§ **EXCERPTED DATA**

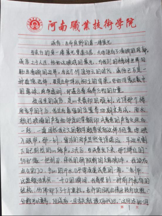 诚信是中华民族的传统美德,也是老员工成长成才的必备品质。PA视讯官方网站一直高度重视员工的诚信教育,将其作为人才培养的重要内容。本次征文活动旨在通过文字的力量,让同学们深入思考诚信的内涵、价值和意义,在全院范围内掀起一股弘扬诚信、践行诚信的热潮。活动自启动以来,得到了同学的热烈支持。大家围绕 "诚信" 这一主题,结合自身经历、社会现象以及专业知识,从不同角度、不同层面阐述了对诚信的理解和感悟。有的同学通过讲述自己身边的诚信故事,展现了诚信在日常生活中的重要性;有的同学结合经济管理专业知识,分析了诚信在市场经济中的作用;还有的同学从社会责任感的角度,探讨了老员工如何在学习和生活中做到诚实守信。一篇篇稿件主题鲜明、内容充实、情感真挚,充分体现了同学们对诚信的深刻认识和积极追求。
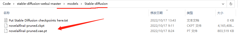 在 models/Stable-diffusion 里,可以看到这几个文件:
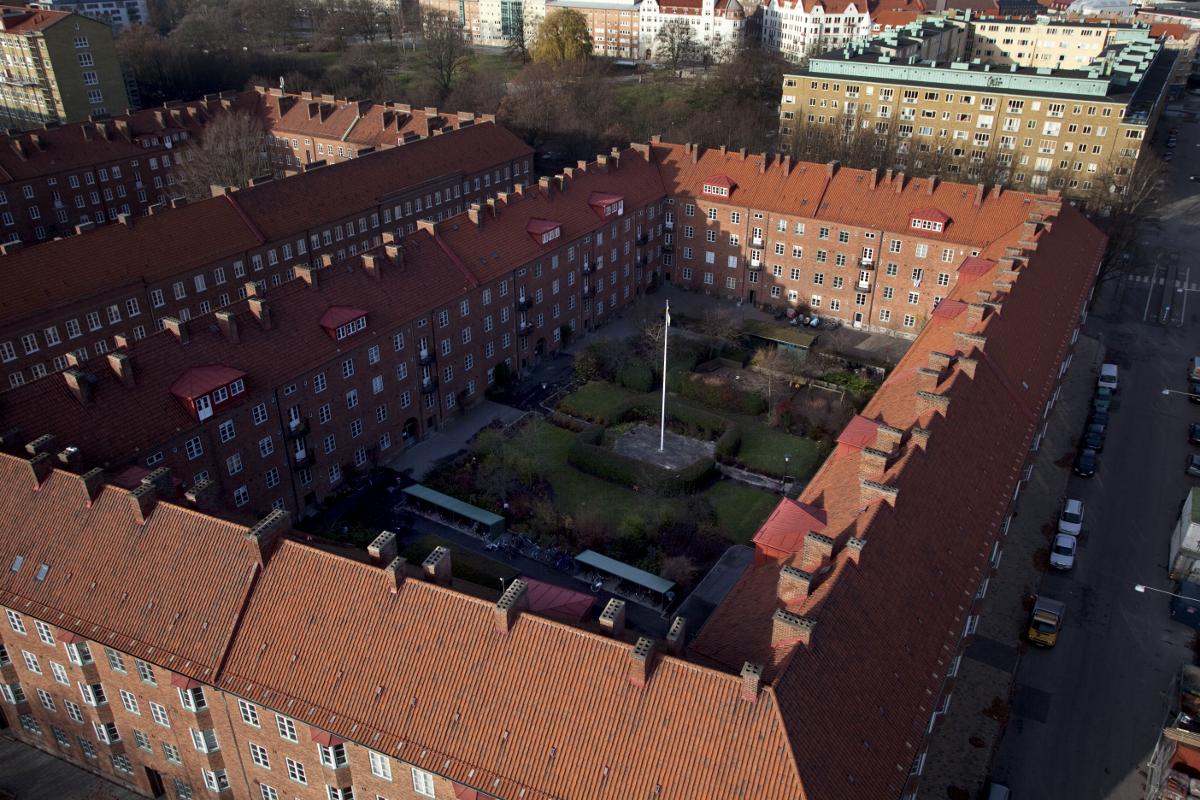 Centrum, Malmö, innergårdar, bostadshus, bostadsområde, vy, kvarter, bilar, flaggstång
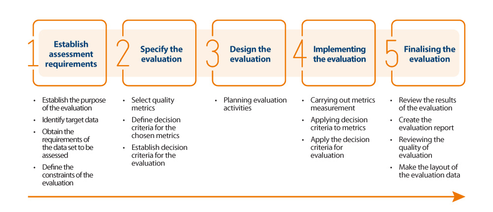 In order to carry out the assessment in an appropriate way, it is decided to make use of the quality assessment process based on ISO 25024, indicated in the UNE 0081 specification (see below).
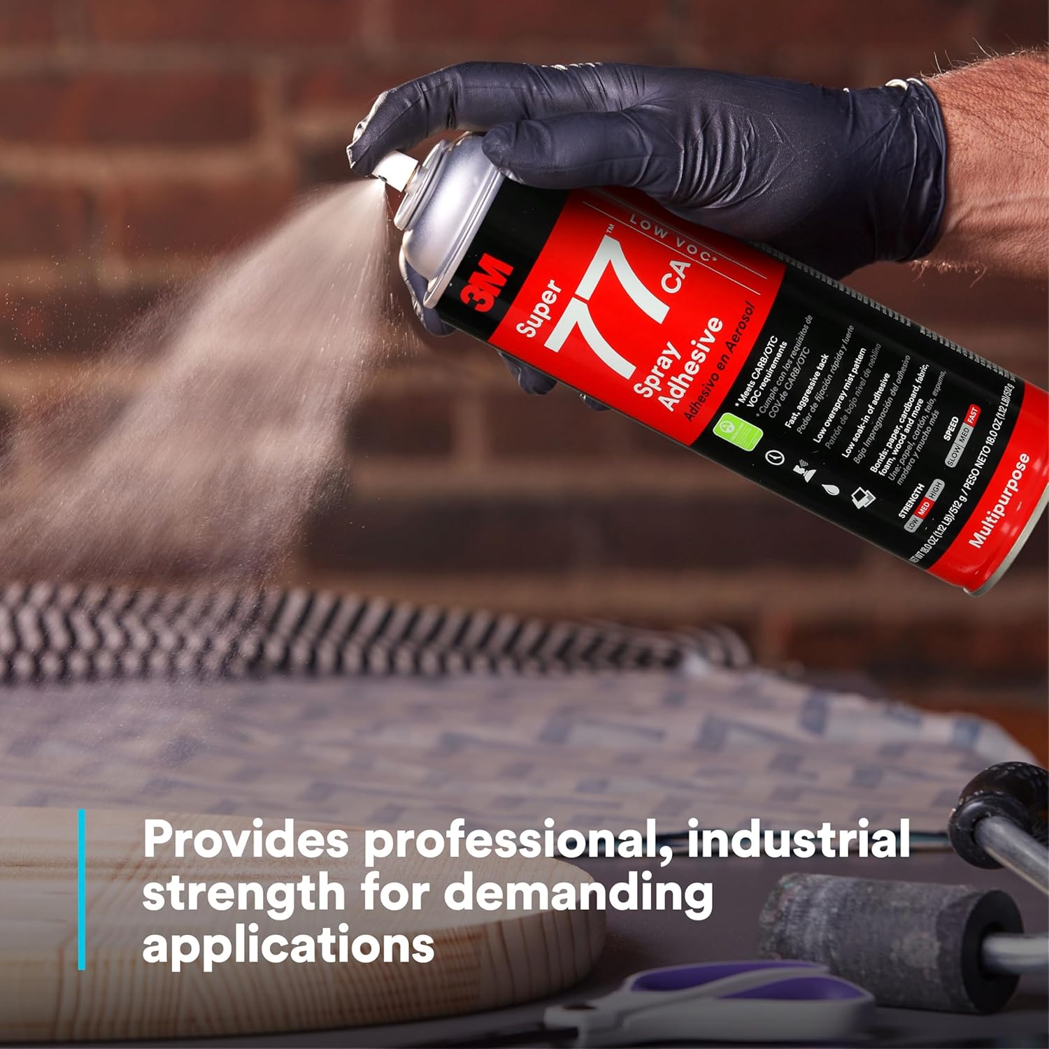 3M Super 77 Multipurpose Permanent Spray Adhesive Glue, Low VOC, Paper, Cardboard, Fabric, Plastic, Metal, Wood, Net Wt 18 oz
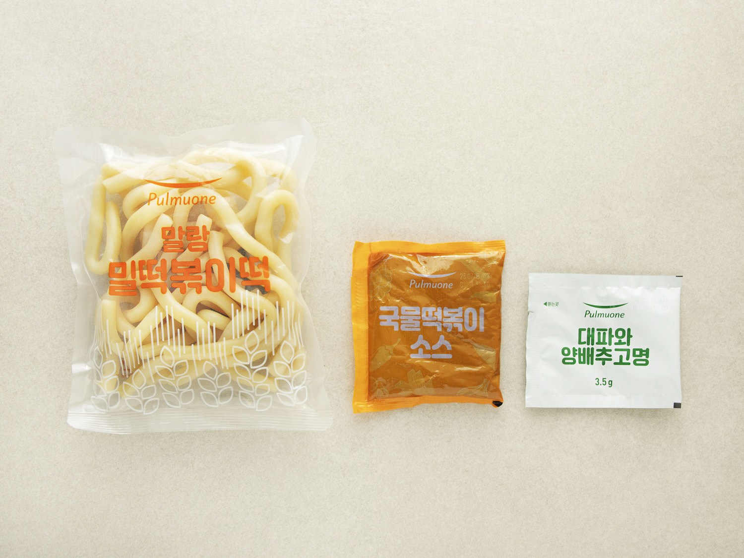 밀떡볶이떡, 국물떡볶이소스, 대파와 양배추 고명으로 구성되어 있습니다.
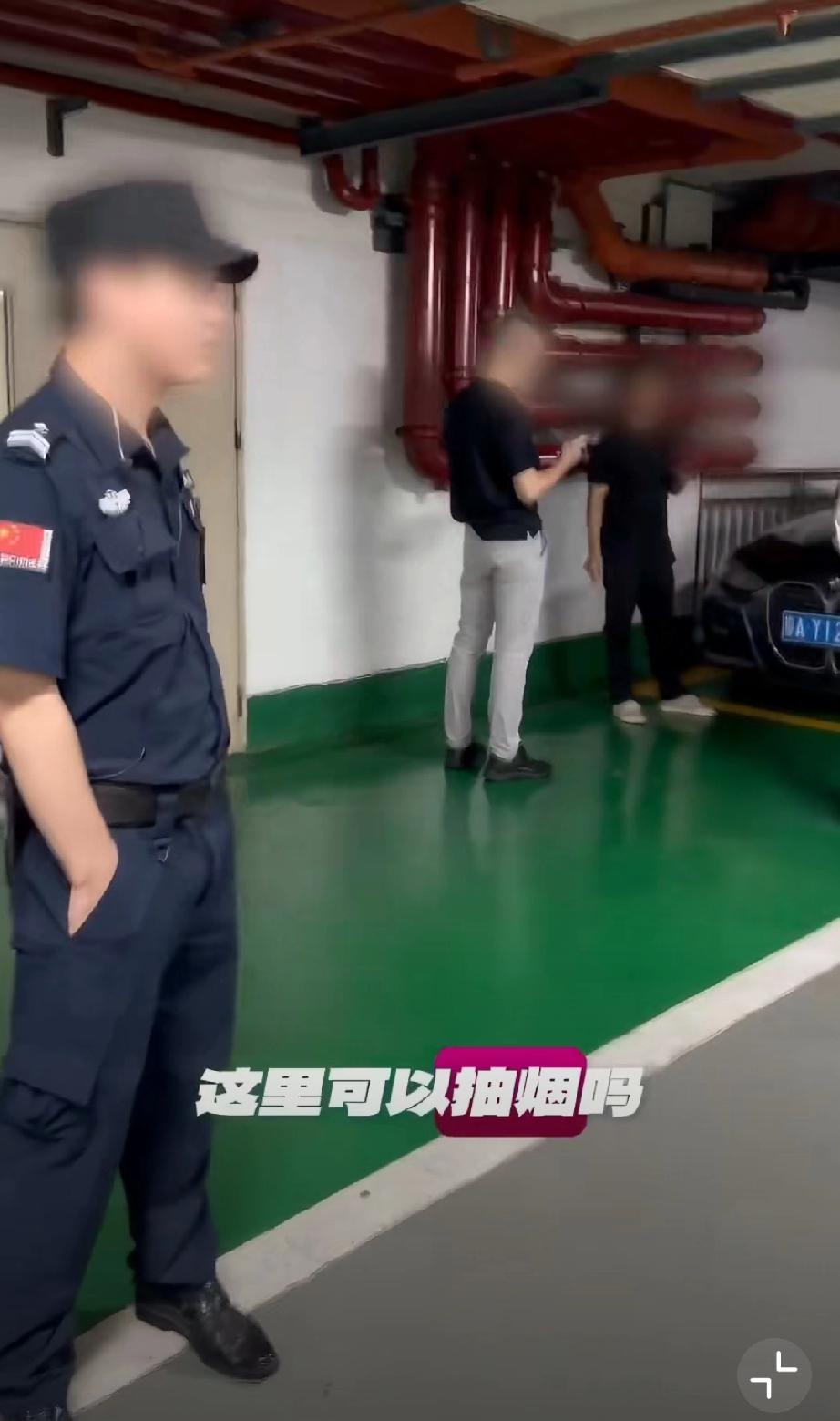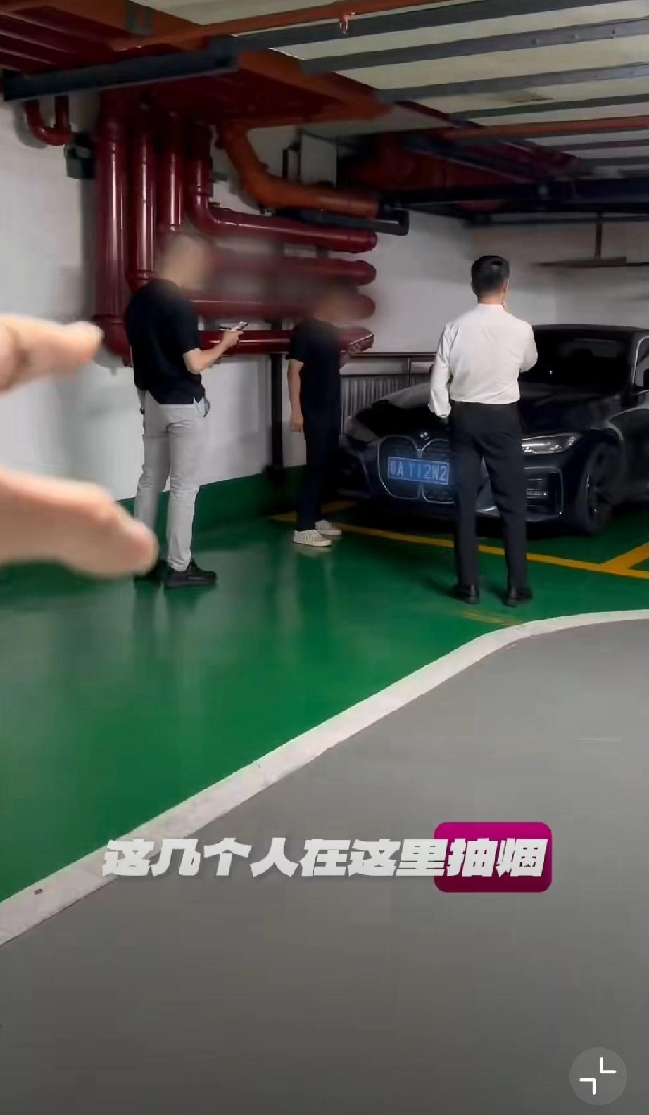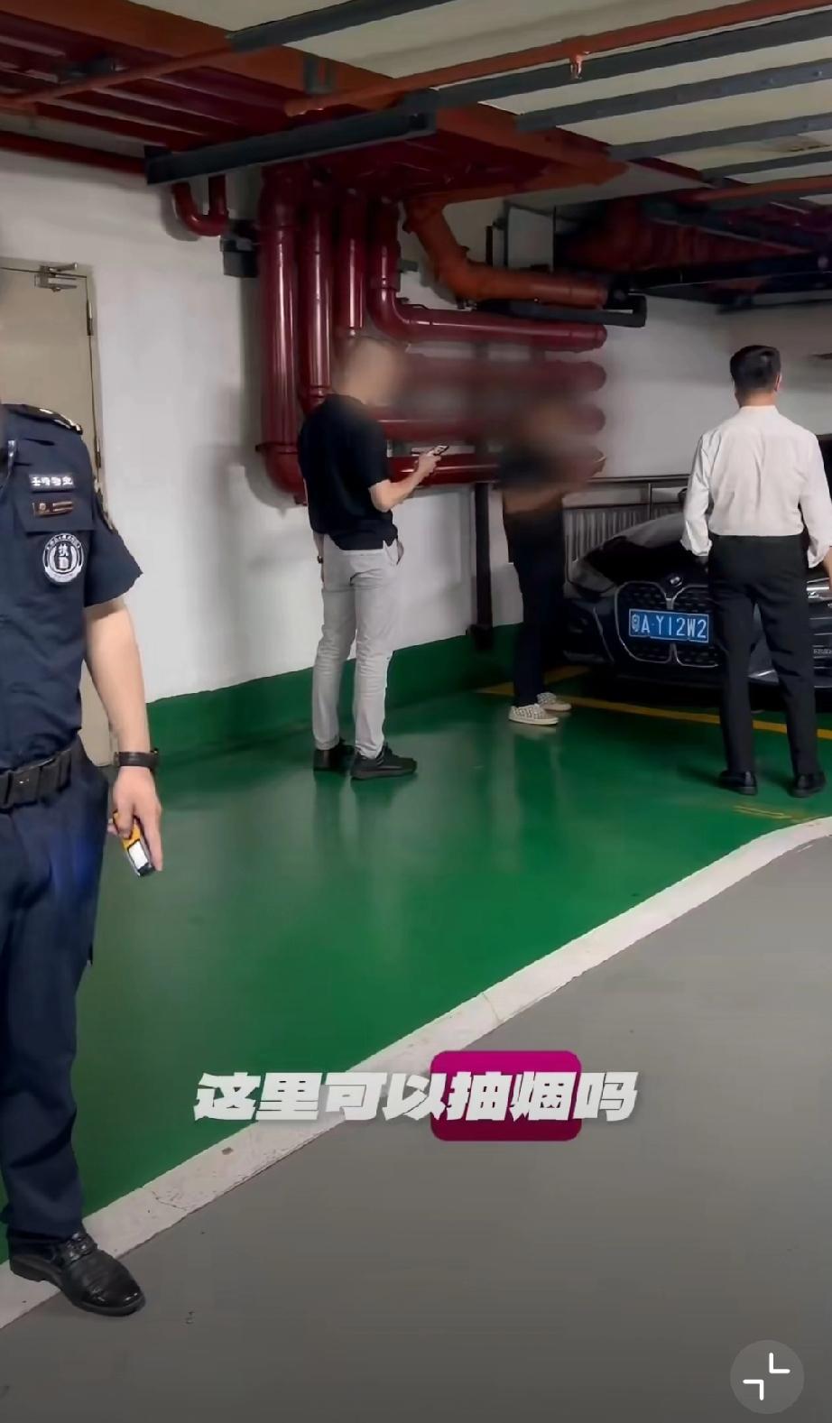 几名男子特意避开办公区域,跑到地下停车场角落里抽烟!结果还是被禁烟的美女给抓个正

§ **EXERCISE AIM**
Each entry should be set down exactly, pictures excluded.

§ **TASK SOLUTION**
 诚信是中华民族的传统美德,也是老员工成长成才的必备品质。PA视讯官方网站一直高度重视员工的诚信教育,将其作为人才培养的重要内容。本次征文活动旨在通过文字的力量,让同学们深入思考诚信的内涵、价值和意义,在全院范围内掀起一股弘扬诚信、践行诚信的热潮。活动自启动以来,得到了同学的热烈支持。大家围绕 "诚信" 这一主题,结合自身经历、社会现象以及专业知识,从不同角度、不同层面阐述了对诚信的理解和感悟。有的同学通过讲述自己身边的诚信故事,展现了诚信在日常生活中的重要性;有的同学结合经济管理专业知识,分析了诚信在市场经济中的作用;还有的同学从社会责任感的角度,探讨了老员工如何在学习和生活中做到诚实守信。一篇篇稿件主题鲜明、内容充实、情感真挚,充分体现了同学们对诚信的深刻认识和积极追求。
 在 models/Stable-diffusion 里,可以看到这几个文件:
 Centrum, Malmö, innergårdar, bostadshus, bostadsområde, vy, kvarter, bilar, flaggstång
 In order to carry out the assessment in an appropriate way, it is decided to make use of the quality assessment process based on ISO 25024, indicated in the UNE 0081 specification (see below).
 3M Super 77 Multipurpose Permanent Spray Adhesive Glue, Low VOC, Paper, Cardboard, Fabric, Plastic, Metal, Wood, Net Wt 18 oz
 밀떡볶이떡, 국물떡볶이소스, 대파와 양배추 고명으로 구성되어 있습니다.
 几名男子特意避开办公区域,跑到地下停车场角落里抽烟!结果还是被禁烟的美女给抓个正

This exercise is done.